PROMPT: With pictures omitted, output the records below exactly as they appear.

SOURCE MATERIAL:
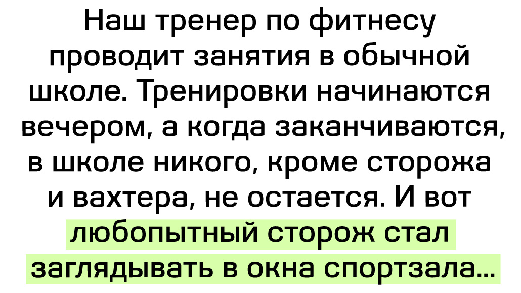 Наш тренер по фитнесу проводит занятия в обычной общеобразовательной школе. Тренировки начинаются вечером, а когда заканчиваются, в школе никого, кроме сторожа и вахтера, не остается. И вот любопытный сторож стал заглядывать в окна спортзала. Как долго продолжались его наблюдения, неизвестно. Однажды вечером, закрывая за нами ворота школы после занятия, мужчина похрабрел и выдал: «До свидания! Хорошие у вас здесь занятия, беременные женщины занимаются». Мы остолбенели. Но мотивации на активные занятия прибавилось. © LadaTeplova / Pikabu
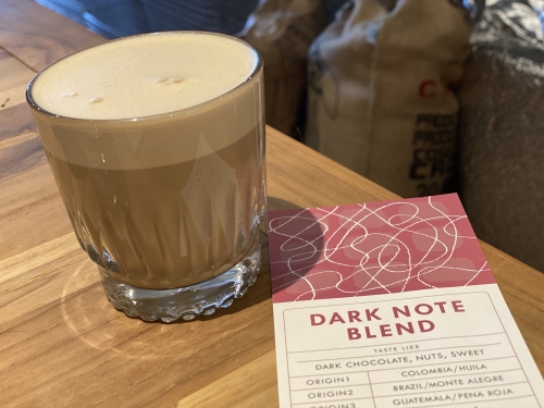 コーヒーをオーダーすると、産地、配合が書いてあるDARK NOTE BLENDの用紙が一緒に出てくるのも嬉しいサービスです。また夜はコーヒーを使ったカクテルも飲める、珍しいお店でもあります。
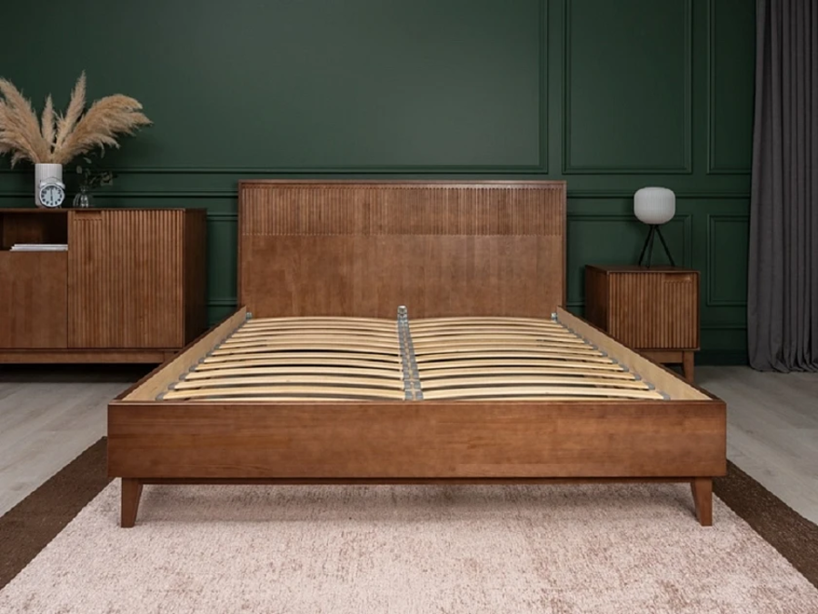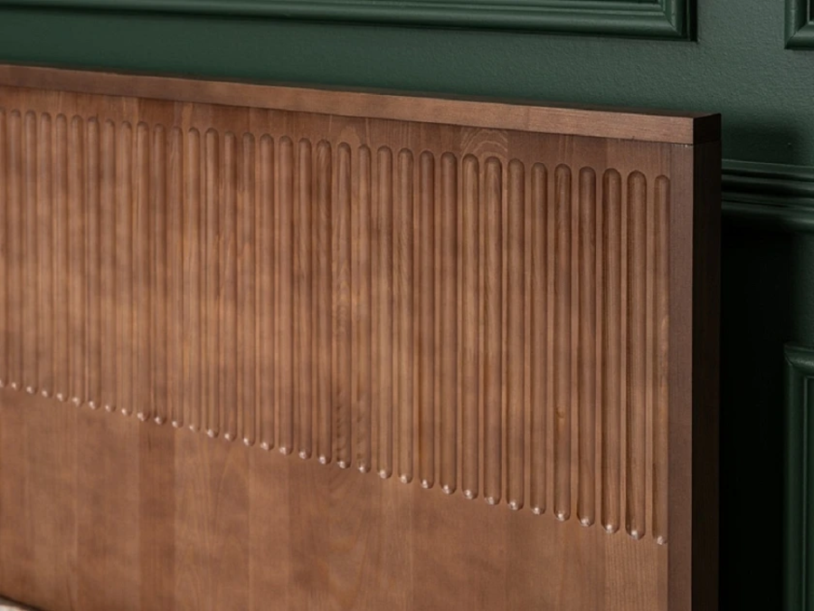 Кровать Tempo с вертикальной фрезировкой изготавливается из массива сосны, березы или дуба.
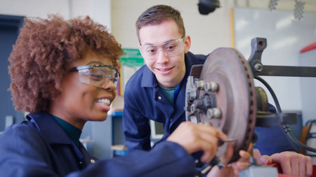 Male And Female Students Working On Car Brakes On Auto Mechanic Apprenticeship Course At College
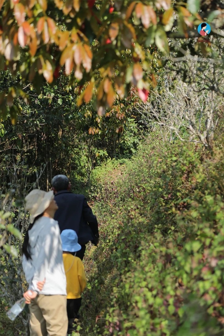 从山脚到山顶,皆上坡,途中偶遇农人归家,相邀家中加餐饭,还未至茶园,遂谢绝。
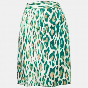 Christian Dior Green Animal Print Silk Pencil Skirt S
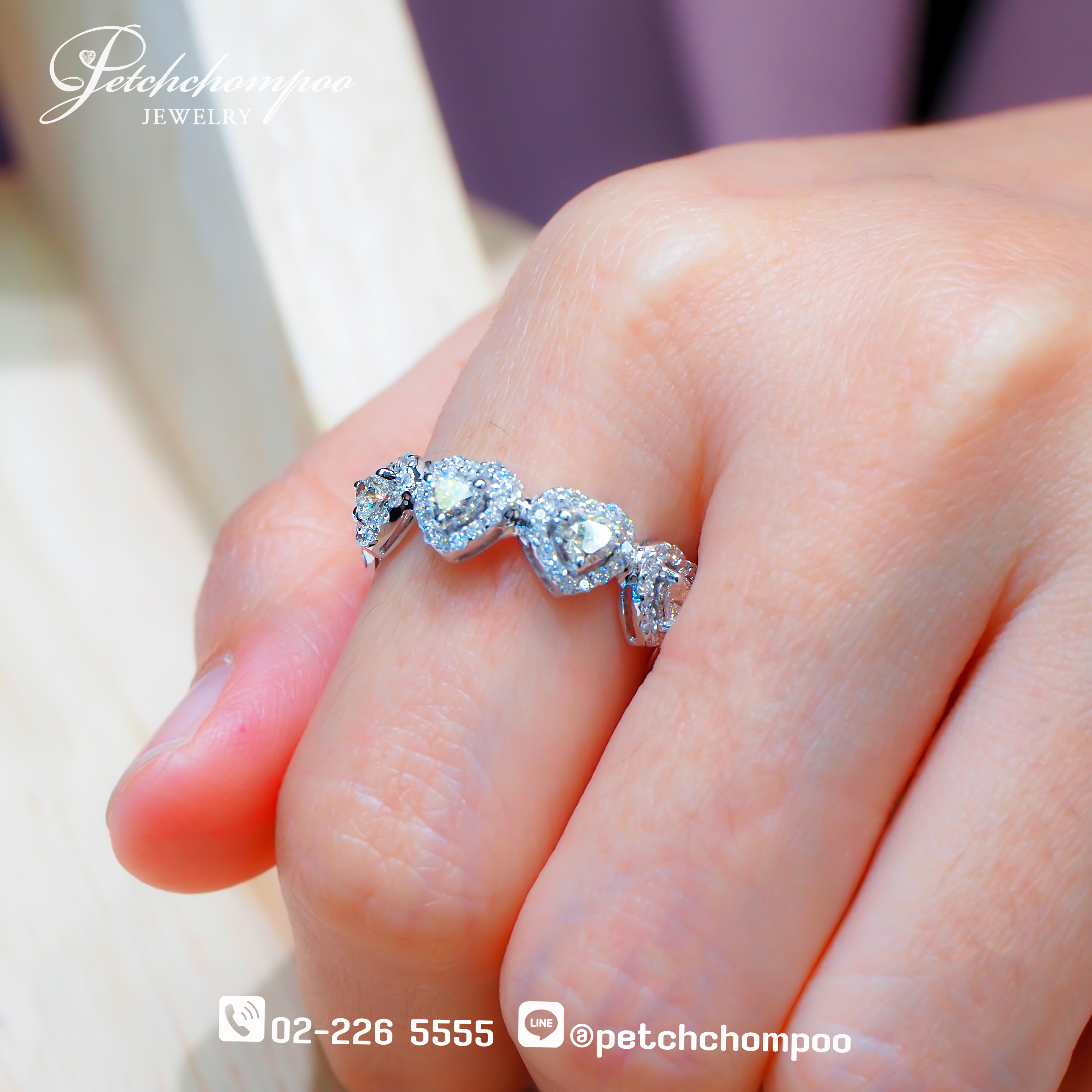 แหวนเพชรดีไซน์โรแมนติกที่โดดเด่นด้วย เพชรรูปหัวใจ (Heart Shape Diamonds) เรียงต่อกันอย่างประณีตรอบวง เปรียบเสมือนสัญลักษณ์แห่งความรักที่ต่อเนื่องไม่รู้จบ แต่ละหัวใจถูกโอบล้อมด้วยเพชรเม็ดเล็กแบบ Halo Setting ช่วยเพิ่มประกายระยิบระยับและสร้างมิติของแสงที่งดงามในทุกมุมมอง ตัวเรือนทองคำขาว 18K ถูกออกแบบให้โอบรับเพชรอย่างประณีต พร้อมเส้นสายที่อ่อนช้อยและสมดุล ทำให้แหวนวงนี้เปล่งประกายอย่างโดดเด่นบนเรียวนิ้ว สะท้อนความอ่อนหวาน หรูหรา และความโรแมนติกเหนือกาลเวลา เหมาะอย่างยิ่งสำหรับผู้หญิงที่ต้องการเครื่องประดับที่สื่อถึงความรัก ความทรงจำ และความงดงามที่ไม่มีวันจางหาย
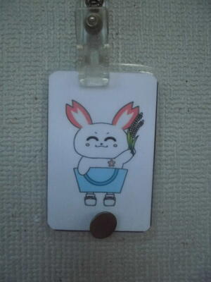 1年生が絵日記を廊下に掲示しています。しっかりと固定するために、下も留めているのですが、それに学校のキャラクター「とよっち」の絵がついたカードを使っています。
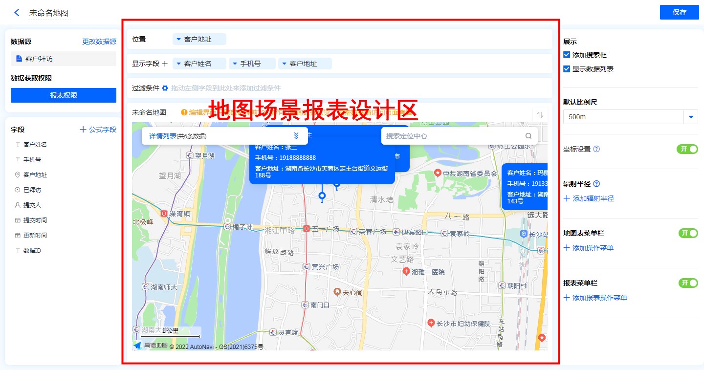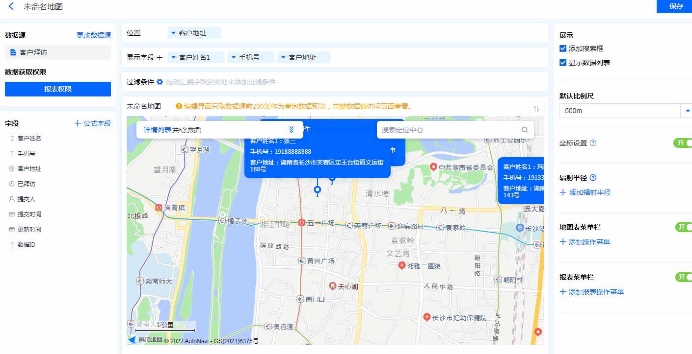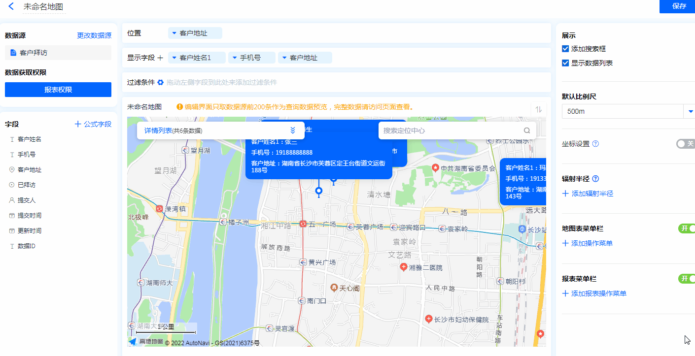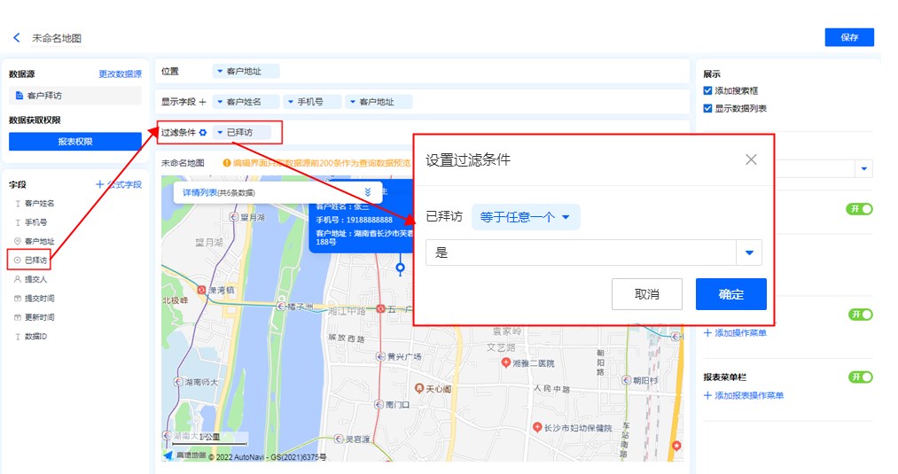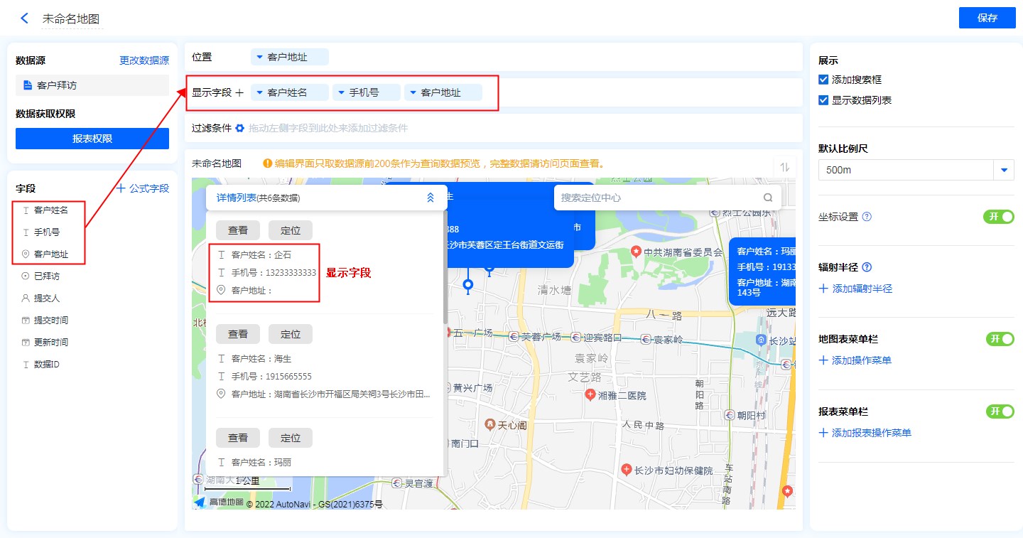 • 地图标识功能:显示字段勾选地图标识功能后,地图的位置标记处会显示该字段信息。
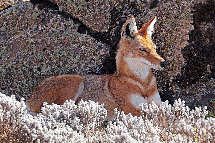 - Ethiopian wolves inhabit rocky areas, shrublands, and afro-alpine grass.
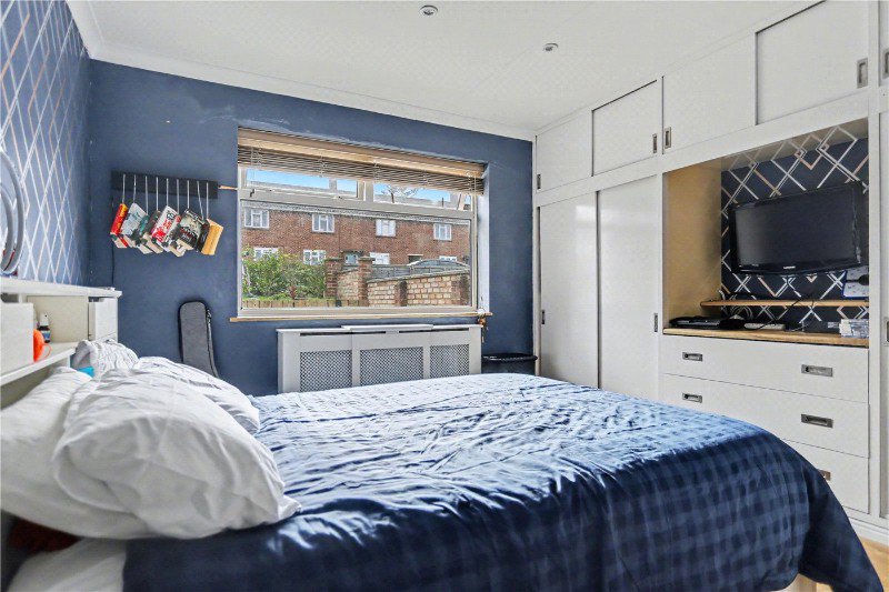 Both bedrooms are accessed from the hallway and are well-proportioned doubles. The principal bedroom sits to the front of the property, while the second enjoys a peaceful outlook over the garden and offers flexibility as a guest room, dressing room or ideal home office. The contemporary bathroom completes the accommodation, fitted with a pristine three-piece suite and shower over the bath.
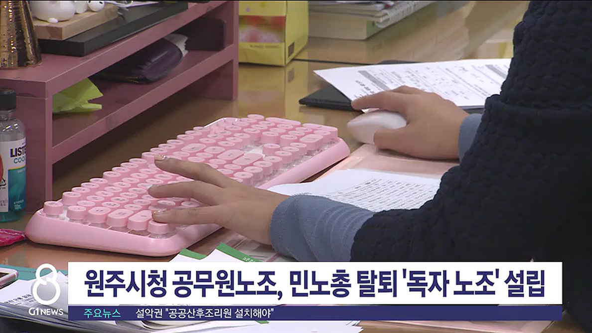원주시청 공무원 노조 비대위는 어제 온라인 임시 총회를 열고 민주노총 탈퇴와 조직 형태 변경을 위한 투표를 진행해 68.31%가 찬성했다고 밝혔습니다.
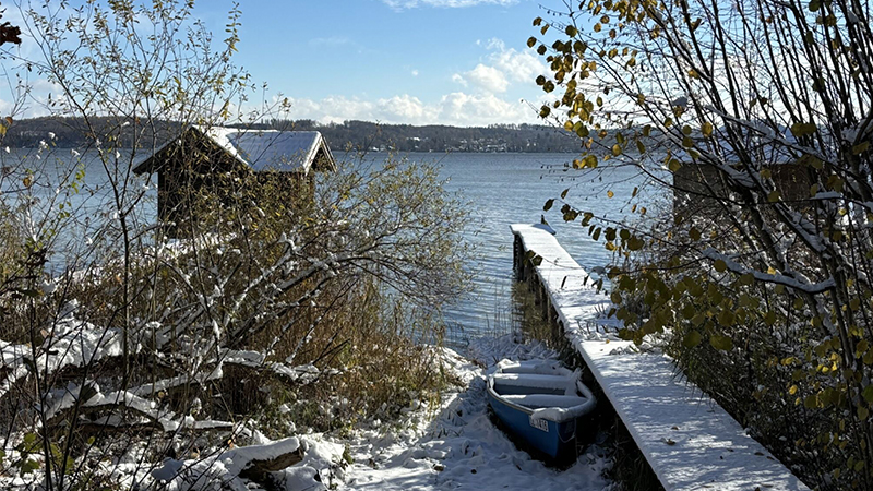 Seeufer mit Steg, Bootshaus und Schilf unter Schnee
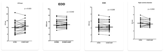 Echocardiographic parameters with 1:1 IABP augmentation and IABP stop in patients on VA ECMO for cardiogenic shock. LV VTI = left ventricular outflow velocity time integral; LVEDD = left ventricular end diastolic diameter; LVESD = left ventricular end systolic diameter: RVEDD = right ventricular end diastolic base diameter.

RESPONSE TO THE EXERCISE:
 Наш тренер по фитнесу проводит занятия в обычной общеобразовательной школе. Тренировки начинаются вечером, а когда заканчиваются, в школе никого, кроме сторожа и вахтера, не остается. И вот любопытный сторож стал заглядывать в окна спортзала. Как долго продолжались его наблюдения, неизвестно. Однажды вечером, закрывая за нами ворота школы после занятия, мужчина похрабрел и выдал: «До свидания! Хорошие у вас здесь занятия, беременные женщины занимаются». Мы остолбенели. Но мотивации на активные занятия прибавилось. © LadaTeplova / Pikabu
 コーヒーをオーダーすると、産地、配合が書いてあるDARK NOTE BLENDの用紙が一緒に出てくるのも嬉しいサービスです。また夜はコーヒーを使ったカクテルも飲める、珍しいお店でもあります。
 Кровать Tempo с вертикальной фрезировкой изготавливается из массива сосны, березы или дуба.
 Male And Female Students Working On Car Brakes On Auto Mechanic Apprenticeship Course At College
 从山脚到山顶,皆上坡,途中偶遇农人归家,相邀家中加餐饭,还未至茶园,遂谢绝。
 Christian Dior Green Animal Print Silk Pencil Skirt S
 แหวนเพชรดีไซน์โรแมนติกที่โดดเด่นด้วย เพชรรูปหัวใจ (Heart Shape Diamonds) เรียงต่อกันอย่างประณีตรอบวง เปรียบเสมือนสัญลักษณ์แห่งความรักที่ต่อเนื่องไม่รู้จบ แต่ละหัวใจถูกโอบล้อมด้วยเพชรเม็ดเล็กแบบ Halo Setting ช่วยเพิ่มประกายระยิบระยับและสร้างมิติของแสงที่งดงามในทุกมุมมอง ตัวเรือนทองคำขาว 18K ถูกออกแบบให้โอบรับเพชรอย่างประณีต พร้อมเส้นสายที่อ่อนช้อยและสมดุล ทำให้แหวนวงนี้เปล่งประกายอย่างโดดเด่นบนเรียวนิ้ว สะท้อนความอ่อนหวาน หรูหรา และความโรแมนติกเหนือกาลเวลา เหมาะอย่างยิ่งสำหรับผู้หญิงที่ต้องการเครื่องประดับที่สื่อถึงความรัก ความทรงจำ และความงดงามที่ไม่มีวันจางหาย
 1年生が絵日記を廊下に掲示しています。しっかりと固定するために、下も留めているのですが、それに学校のキャラクター「とよっち」の絵がついたカードを使っています。
 • 地图标识功能:显示字段勾选地图标识功能后,地图的位置标记处会显示该字段信息。
 - Ethiopian wolves inhabit rocky areas, shrublands, and afro-alpine grass.
 Both bedrooms are accessed from the hallway and are well-proportioned doubles. The principal bedroom sits to the front of the property, while the second enjoys a peaceful outlook over the garden and offers flexibility as a guest room, dressing room or ideal home office. The contemporary bathroom completes the accommodation, fitted with a pristine three-piece suite and shower over the bath.
원주시청 공무원 노조 비대위는 어제 온라인 임시 총회를 열고 민주노총 탈퇴와 조직 형태 변경을 위한 투표를 진행해 68.31%가 찬성했다고 밝혔습니다.
 Seeufer mit Steg, Bootshaus und Schilf unter Schnee
 Echocardiographic parameters with 1:1 IABP augmentation and IABP stop in patients on VA ECMO for cardiogenic shock. LV VTI = left ventricular outflow velocity time integral; LVEDD = left ventricular end diastolic diameter; LVESD = left ventricular end systolic diameter: RVEDD = right ventricular end diastolic base diameter.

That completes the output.